What else could we expect from Hitler, a complete Romantic and a painter without the energy or courage to be imaginative? Ditto for Stalin, who thought himself a poet.

*
 
The failure of both capitalism and socialism to build a profound relation to death is a startling oversight. Religion has always served as a means of reducing the stress generated by our awareness of death, injustice, and difficulty.

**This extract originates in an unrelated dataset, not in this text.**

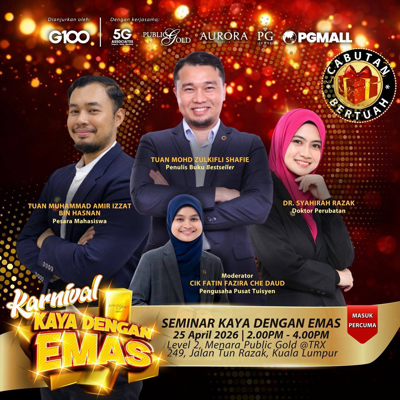 Penyertaan percuma. Terhad 100 pendaftaran pertama. Cabutan bertuah dan promosi (firesales) emas juga disediakan. Sila datang awal untuk dapatkan seat selesa. Seminar akan bermula tepat 3:00 petang
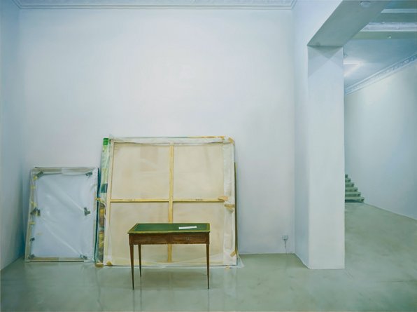 What does this mean when it comes to GALLERY (DESK)? The painting which was hung on the very wall depicted in the painting, during my exhibition at a Berlin gallery, shows an arrangement I found on the spot: A gallery room between two exhibitions. Wrapped up paintings, leaning face against the wall, waiting to be collected. In front of them a table with a dark-green surface and on it a sheet of paper. In the right hand corner a flight of stairs is suggested – where it leads we do not know. The melancholic atmosphere and the suspenseful tranquility intrigued me. The old is drawing to a close, the new has not arrived yet – a vanitas motif. In this image my everyday reality regarding the aspects of time, space and existence is reflected. Even though I was unaware of it at the time, in this everyday situation, so profane to me, a metaphor for my meaning of life was revealed: Who am I? Where do I come from? What do I do? This painting is - in the way that it is painted - a meditation on those questions. It is an attempt to create a maximum energetic impact that expresses my existential situation and its emotional and spiritual connections by using the sensual means of painting.

The Nazi socialists offered quasi-immortality through participation in the community; the capitalists ignore the issue and allow religion and atheism to co-exist in muted conflict. A revolution that does not address the primary fact of our mortality and provide a revolutionary relationship to it, cannot succeed.

*

I suggest that, rather than consigning the topic of death to the margins of cultural development, we consider the essence of the thought of death as present in all higher thinking. Wherever consciousness is active, saying “No” to one image or idea (typically in order to freely consider other images or ideas), there death is present, for the thought of death is that ultimate negation, the “No” to everything – all our memories, possessions, beliefs, all the contents of consciousness.

*

The contents of consciousness – through material abundance or consumption – can ever be sufficiently great to plug the abyss. Even we renounce the right to possess private property, say “No” to the entire notion of property, this alone does not create harmony with the No posed by the universe and the future. The challenge is to incorporate No-ing into the arts.

*

The end of specialization should also apply to the arts; but if we are all artists, who will consume our art and save us from the deluge of art – a deluge that already exists? Every possible taste must be invented and satisfied by the modern marketing machine; every taste, the matter of nutrition does not enter into their calculations.

*

The notion of plurality and infinite consumer choices eventually undermines humanism and equality. The way out is to accept all cultural products as equal in value (provided no one is insulted, deceived, or hurt) shows a lack of discernment. If a state of delusion already exists, some amount of painful disillusioning is good and necessary.

*

Different philosophical schools continue to multiply, each with its own, undoubtedly unique perspectives and methods. One way to overcome this annoying cacophony of philosophy is to make a meta-critique of pure philosophical patterns; a delineation of the abstract patterns described by philosophical methods and ways of thinking. Afterwards, the patterns could be measured for their complexity and intensity (clarity). Finally, they could be evaluated according to their ability to produce optimal and sustainable happiness in one of the following two ways: 1) by producing such happiness as texts and reading experiences, or 2) by providing readers instructions for producing happiness.

*

Like so many daring juveniles, modern artists, poets, musicians have experimented with everything, producing a vast assortment of very unique and very different STUFF. For consumers of the arts and amusements, the world offers an infinite smorgasbord of cultural goodies. The romance genre has split into super-romance, gothic-romance, Muslim/Hindu-teenage-romance, palliative-romance and whatever. In the interest of creating some kind of cultural unity, let’s divide the various genres and sub-genres their respective levels of intelligence. Or, categorize them all according to the five means of stifling intelligence: emotional stimulation (hope, fear, horror, etc), sensory stimulation (videography, tourism, etc.), hormonal stimulation (violence, extreme daring and sex), and information over-stimulation (news, academic research) and pure confusion (please guess). And there may be other means of intellectual and artistic suicide: for today even gardening, interior decorating, automotive design, advertising, jewellery and figure skating are making claims to beauty. And let’s not forget pot boilers and predictable plots, everyday objects and elitist gimmickry, as well as our emotional and oh-so predictable music – none of which require more than an instant of thought from their absorbers. Attention spans may well be decreasing because tolerance for inanity in the arts and irrelevancy in education is decreasing.